Consumer Protection Act, 1986 — Sections 2(1)(g), 14(1)(d), 21(a)(i) — Insurance — Fire accident — Losses suffered — Issuance of discharge voucher — Full and final settlement — Alleged deficiency in service — If discharge is otherwise valid and was outcome of amicable settlement, then allowing party to question same would not be appropriate — There has to be some material to show that discharge document was executed under coercion or duress and evidence has to be led in this regard — If aggrieved party is able to establish any claim on basis of adequate material, such claim would not be barred merely by issuing ‘no dues certificate’ — Amounts which were settled, for which vouchers were issued by complainants themselves there is no indication of any coercion or undue influence being exercised by Insurance Company or its officials on account of any financial distress of company — There is no averment or name of any official or agent of Insurance Company to identify as to who actually had coerced complainant and when — There is no evidence or pleading to that effect — Mere bald allegation as made is not even sufficient to raise a doubt much less establish same — Allegations seem to be a desperate attempt to overcome voluntary bargain of discharge — Letters and final settlement vouchers issued by complainants evidence that they were agreeable to full and final settlement as per survey reports tendered and which is indicated in their averments in complaint — Plea of financial distress or economic duress also does not appeal to reason as “on account” advance payments of Rs. 3 crore 40 lacs had been made by Insurance Company to complainant — Nothing on record to establish coercion, misrepresentation or undue influence on part of the Insurance Company being exercised for obtaining discharge vouchers — Discharge vouchers appear to have been signed voluntarily — Discharge vouchers having been signed and amount having been finally collected against full and final settlement of claim, cannot be said to be either deliberate delay or act amounting to undue influence on part of insurance company or even otherwise calls for award of interest on aforesaid amounts — There is neither any proof or evidence of undue influence nor there is any element of deficiency in service or unfair trade practice on part of Insurance Company.

  1. It is also pertinent to mention here that surveyor report is an important piece of evidence and has to be given due weightage and can only be ignored if there is any other cogent evidence to the contrary.  Here we are strengthened by the judgment of Hon’ble Apex Court in Khatema Fibres Ltd.

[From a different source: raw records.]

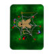 Pauvre petit gars en pain d'épices. Il est coincé dans une toile d'araignée décorée d'ampoules de vacances, de lumières et de sprigs de saint. Et maintenant une araignée noire se prépare à le dévorer.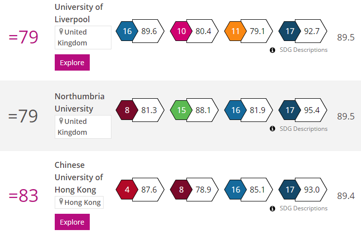 香港方面,中大由去年排名101至200位,升至今年的第83位,整體評分達89.4分,再次成為本港排名最高的大學。中大在優質教育(SDG 4)、體面工作和經濟增長(SDG 8)及和平、正義與強大機構(SDG 16)方面表現較佳,分別位列全球第5位、第22位和第23位。嶺南大學亦由去年第201至300位,上升至今年101至200位;浸會大學則由去年第401至600位,上升至今年201至300位。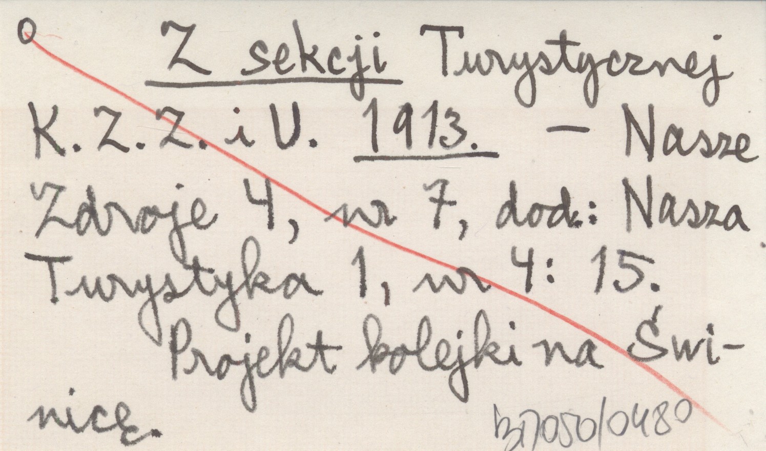 Nasza Turystyka, dod. do Nasze Zdroje 4, nr 7, 1, nr 4: 15. Projekt kolejki na Świnicę.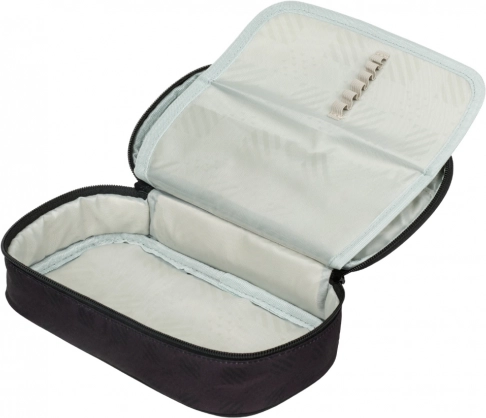 Lo scomparto principale contiene tutta la cancelleria, mentre la doppia patta ribaltabile con elastici e taschine mantiene tutto perfettamente in ordine.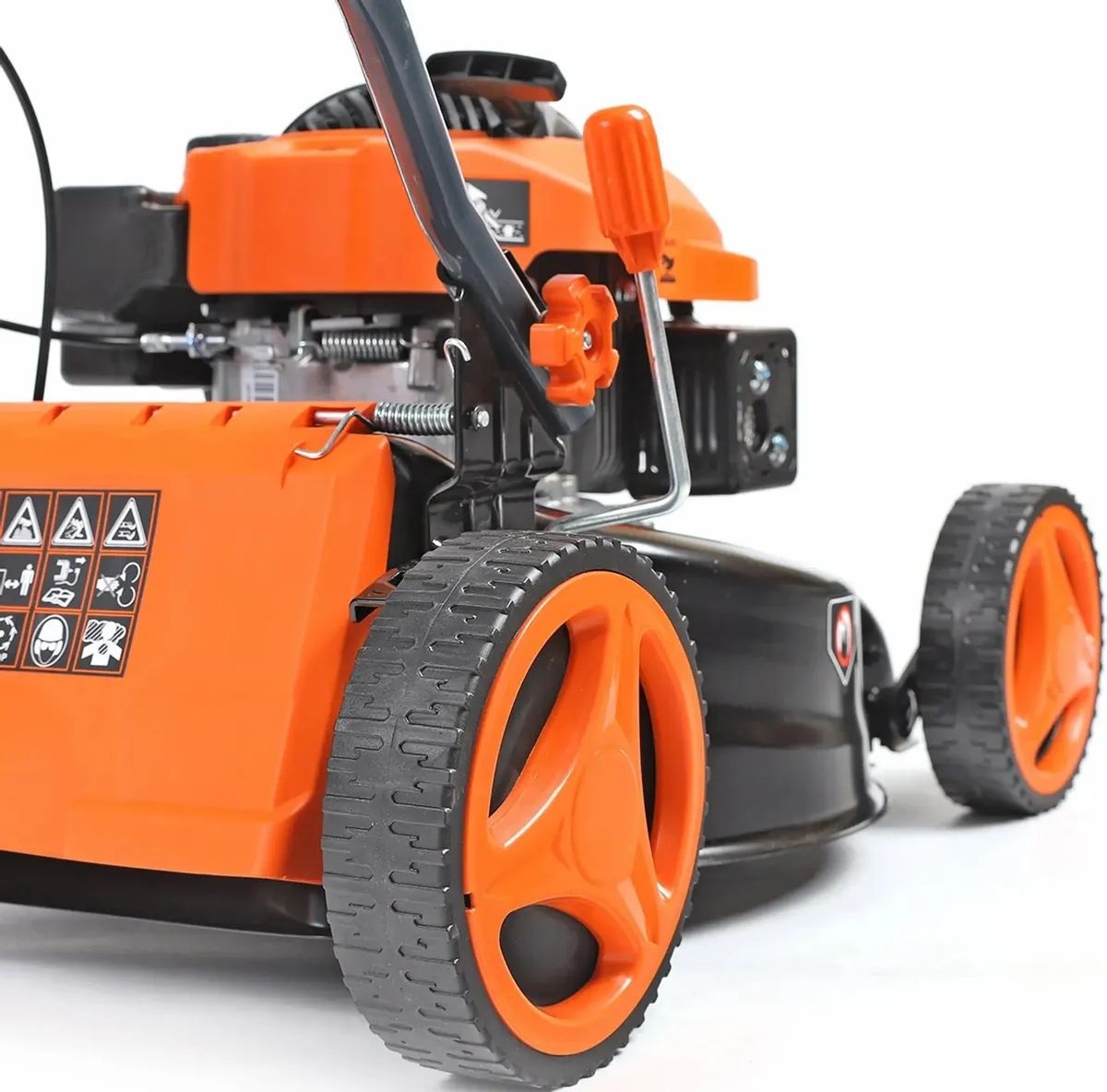 Бензиновая газонокосилка Patriot PT 42LS является самоходной моделью, поэтому ее использование для выкашивания озелененных территорий площадью до 1200 кв. метров не потребует от вас значительных усилий. Она выкашивает за один проход полосу шириной 410 мм и поддерживает регулировку высоты скашивания от 25 мм до 75 мм. Скошенная трава накапливается в съемном травосборнике объемом 40 литров. Травосборник изготавливается из ткани и пластика, чтобы вам не составило труда освободить его при заполнении.

Vs. New India Assurance Company Ltd. & Anr., Civil Appeal No.9050 of 2018 decided on 28.9.2021 in which it was held as under:-

        “38.  A Consumer Forum which is primarily concerned with an allegation of deficiency in service cannot subject the surveyor’s report to forensic examination of its anatomy, just as a civil court could do. Once it is found that there was no inadequacy in the quality, nature and manner of performance of the duties and responsibilities of the surveyor, in a manner prescribed by the Regulations as to their code of conduct and once it is found that the report is not based on adhocism or vitiated by arbitrariness, then the jurisdiction of the Consumer Forum to go further would stop.”

 

Further, the Hon’ble National Commission in New India Assurance Company Ltd. Vs. Rabindra Narayan, I (2010) CPJ 80 (NC) held as under:-

“The Report submitted by the Surveyor is an important piece of evidence and has to be given due weight and relied upon until and unless it is proved by some cogent and reliable evidence that the Report submitted could not be relied upon.”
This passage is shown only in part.